Pearson Correlation Coefficient Interpretation

Interpreting the Pearson correlation coefficient (r) involves assessing the correlation strength, direction, and correlation significance of the relationship between two variables. Here’s a guide to interpreting r:

  1. Strength of Relationship:
    • Close to +1: Indicates a strong positive linear relationship. As one variable increases, the other tends to increase proportionally.
    • Close to -1: Suggests a strong negative linear relationship. As one variable increases, the other tends to decrease proportionally.
    • Close to 0: Implies a weak or no linear relationship. Changes in one variable do not consistently predict changes in the other.
  2. Direction of Relationship:
    • Positive r: Both variables tend to increase or decrease together.
    • Negative r: One variable tends to increase as the other decreases, and vice versa.
  3. Significance:
    • Statistical significance indicates whether the observed correlation coefficient is likely to occur due to chance.
    • Significance is typically assessed using a hypothesis test, such as the t-test for correlation coefficient, with the null hypothesis stating that the true correlation coefficient in the population is zero.
    • If the p-value is less than the chosen significance level (e.g., 0.05), the correlation is considered statistically significant.
  4. Scatterplot Examination:
    • Visual inspection of a scatterplot can provide additional insights into the relationship between variables.
    • A scatterplot allows you to assess the linearity, directionality, and presence of outliers, complementing the numerical interpretation of r.
  5. Caution:
    • Correlation does not imply causation. Even if a strong correlation is observed between two variables, it does not necessarily mean that changes in one variable cause changes in the other.
    • Other factors, such as confounding variables or omitted variables, may influence the observed correlation.
  6. Sample Size:
    • Larger sample sizes tend to provide more reliable estimates of correlation coefficients, reducing the likelihood of obtaining spurious correlations.
  7. Context Dependence:
    • The interpretation of r should consider the specific context and subject matter of the study. What is considered a strong or weak correlation may vary depending on the field of research and the variables under investigation.

Bivariate Correlation

Pearson’s correlation coefficient is a statistical tool used to measure bivariate correlation. This refers to the strength and direction of the linear relationship between two variables. It assesses how much one variable tends to change along with the other. A positive correlation indicates that as one variable increases, the other tends to increase as well. Conversely, a negative correlation suggests that as one variable goes up, the other tends to go down. A value of zero indicates no linear relationship between the variables.

Correlation Matrix

The Pearson correlation coefficient is particularly useful when analyzing datasets with multiple variables. In such cases, a correlation matrix can be constructed. This is a square table that summarizes the correlation coefficients between all possible pairs of variables within the data set. By looking at the correlation matrix, researchers can quickly identify which variables have strong positive, negative, or no linear relationship with each other. This helps them understand the overall structure of the data and identify potential relationships for further investigation.

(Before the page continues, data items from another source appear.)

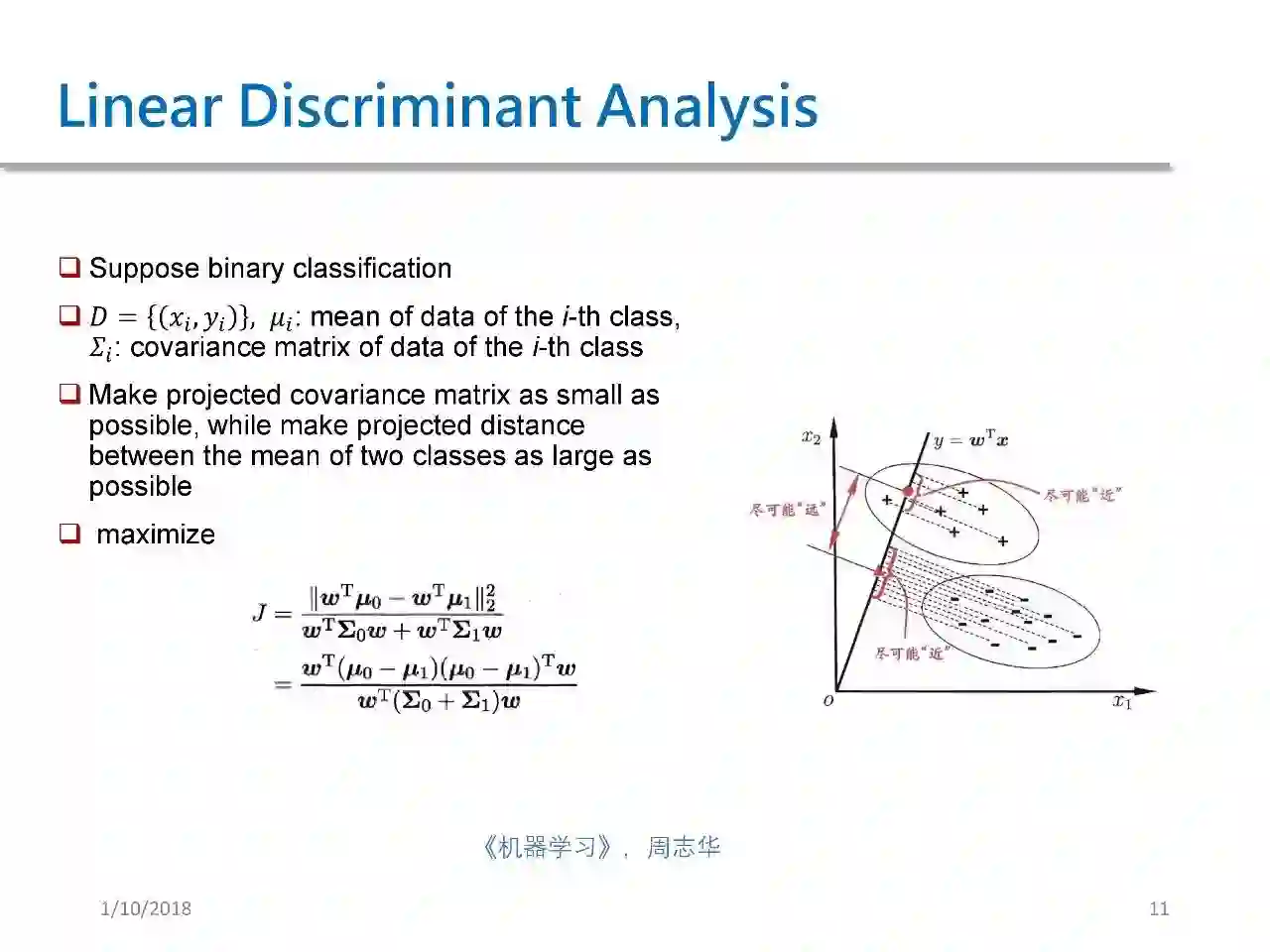 LDA 线性判别分析是一种传统的有监督降维方法。我们可以看到,右图里面有两类点,有正号表示的一类和有负号表示的一类。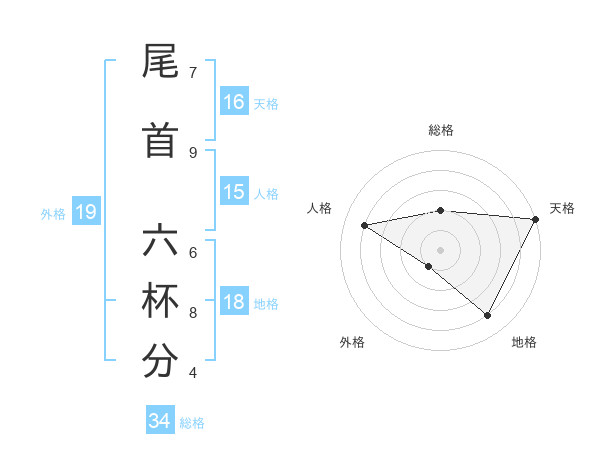 尾首 六杯分さんを姓名の画数から五運を鑑定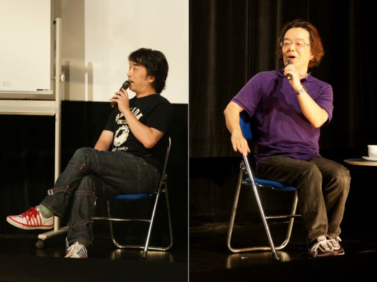 内田健二プロデューサーと司会の尾崎雅之取締役

Pearson Correlation Coefficient Examples

Example 1: There is some correlation coefficient that was given to tell whether the variables are positive or negative?

0.69, 0.42, -0.23, -0.99

Solution:

The given correlation coefficient is as follows:

0.69, 0.42, -0.23, -0.99

Tell whether the relationship is negative or positive

0.69: The relationship between the variables is a strong positive relationship

0.42: The relationship between the variables is a strong positive relationship

-0.23: The relationship between the variables is a weak negative relationship

-0.99: The relationship between the variables is a very strong negative relationship

Example 2: Calculate the correlation coefficient for the following data by the help of Pearson’s correlation coefficient formula:

X = 10, 13, 15 ,17 ,19

and

Y = 5,10,15,20,25.

Solution:

Given variables are,

X = 10, 13, 15 ,17 ,19

and

Y = 5,10,15,20,25.

To, find the correlation coefficient of the following variables Firstly a table is to be constructed as follows, to get the values required in the formula also add all the values in the columns to get the values used in the formula.

X Y XY X²  Y²
10 5 50 100 25
13 10 130 169 100
15 15 225 225 225
17 20 340 289 400
19 25 475 362 625
∑74 ∑75 ∑1103 ∑1144 ∑1375

∑xy = 1103

∑x = 74

∑y = 75

∑x² = 1144

∑y² = 1375

n = 5

Put all the values in the Pearson’s correlation coefficient formula:-

R = n(∑xy) – (∑x)(∑y) / √ [n∑x²-(∑x)²][n∑y²-(∑y)²

R = 5(1103) – (74)(75) / √ [5(1144)-(74)²][5(1375)-(75)²]

R = -35 / √[244][1250]

R = -35/552.26

R = 0.0633

The correlation coefficient is 0.064

Example 3: Calculate the correlation coefficient for the following table with the help of Pearson’s correlation coefficient formula:

SUBJECT AGE X Weight Y
1 40 99
2 25 79
3 22 69
4 54 89

Solution:

Make a table from the given data and add three more columns of XY, X², and Y². also add all the values in the columns to get ∑xy, ∑x, ∑y, ∑x², and ∑y² and n =4.

SUBJECT AGE X Weight Y XY  X² Y²
1 40 99 3960 1600 9801
2 25 79 1975 625 6241
3 22 69 1518 484 4761
4 54 89 4806 2916 7921
∑ 151 336 12259 5625 28724

∑xy = 12258

∑x = 151

∑y = 336

∑x² = 5625

∑y² = 28724

n = 4

Put all the values in the Pearson’s correlation coefficient formula:-

R = n(∑xy) – (∑x)(∑y) / √ [n∑x²-(∑x)²][n∑y²-(∑y)²

R =  4(12258) – (151)(336) / √ [4(5625)-(151)²][4(28724)-(336)²]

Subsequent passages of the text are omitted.